Vivimos en un perpetuo superflorecimiento digital, afirma el escritor de tecnología Nicholas Carr: un estado de sobrecarga sensorial y comunicativa que ya no podemos controlar, que siembra división y daño a escala global. Y al igual que el campo de amapolas que hipnotizó al equipo de Dorothy en El Mago de Oz, este superflorecimiento impulsado por las redes sociales nos atrae con tentaciones casi irresistibles. “Las amapolas son exuberantes, vibrantes y fascinantes”, escribe Carr en Superbloom: How Technologies of Connection Tear Us Apart. “También son estridentes, invasivas y narcóticas”.
Este es un terreno familiar para Carr; al menos, tan familiar como cualquier terreno digital en rápida transformación. La postura de Carr como tecnoescéptico se ha mantenido constante durante décadas, aunque ha evolucionado a medida que los modos de comunicación digital han florecido y retrocedido. Su libro de 2010, The Shallows, finalista del Premio Pulitzer, argumentaba que el mundo digital distrae e impide una interacción más profunda con los textos. En 2014, continuó con The Glass Cage, una reflexión sobre cómo la interacción con nuestros ordenadores nos transforma.
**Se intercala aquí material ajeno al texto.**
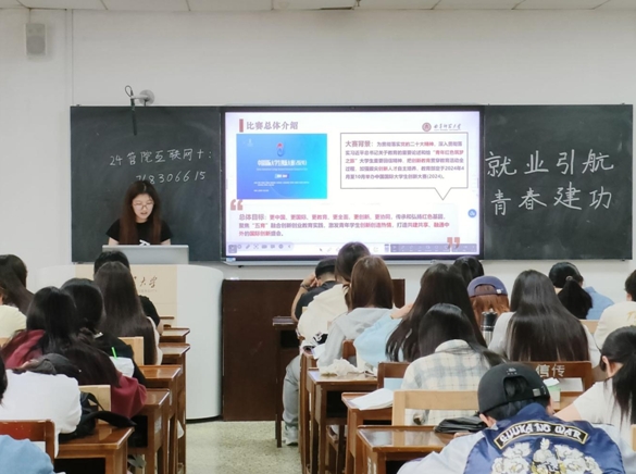 宣讲活动中,竞赛部学生从比赛总体概况、高教主赛道实施方案、青年红色筑梦之旅活动安排、产业命题赛道特点以及网上报名流程等五个方面对本次比赛进行了全面而详尽的介绍,重点强调了本次比赛的报名方式和各赛道方案等重点内容,以确保学生能够准确把握参赛要点,鼓励学生积极参与此次大赛。

En Superbloom, Carr profundiza en un tema central de The Glass Cage: si bien consideramos nuestros dispositivos digitales como ayudantes que nos proporcionan conocimiento y entretenimiento, estos tienen un coste no reconocido en el proceso, alterando nuestra forma de pensar, actuar y comunicarnos. Carr argumenta que somos muy diferentes en una era de mensajes de texto, publicaciones y búsqueda de “me gusta” de lo que éramos cuando nos limitábamos a cartas y llamadas telefónicas, y no para mejor.
Afirma que cuando nos comunicamos principalmente con mensajes de una sola línea y opiniones polémicas, de esas que excitan y se propagan de un nodo humano a otro, nuestra capacidad de interactuar de forma más intensa y reflexiva se debilita. “Lo que sacrificamos es profundidad y rigor”, escribe. Por lo tanto, “nos basamos en juicios rápidos y a menudo emocionales, mientras que evitamos los más lentos y reflexivos”.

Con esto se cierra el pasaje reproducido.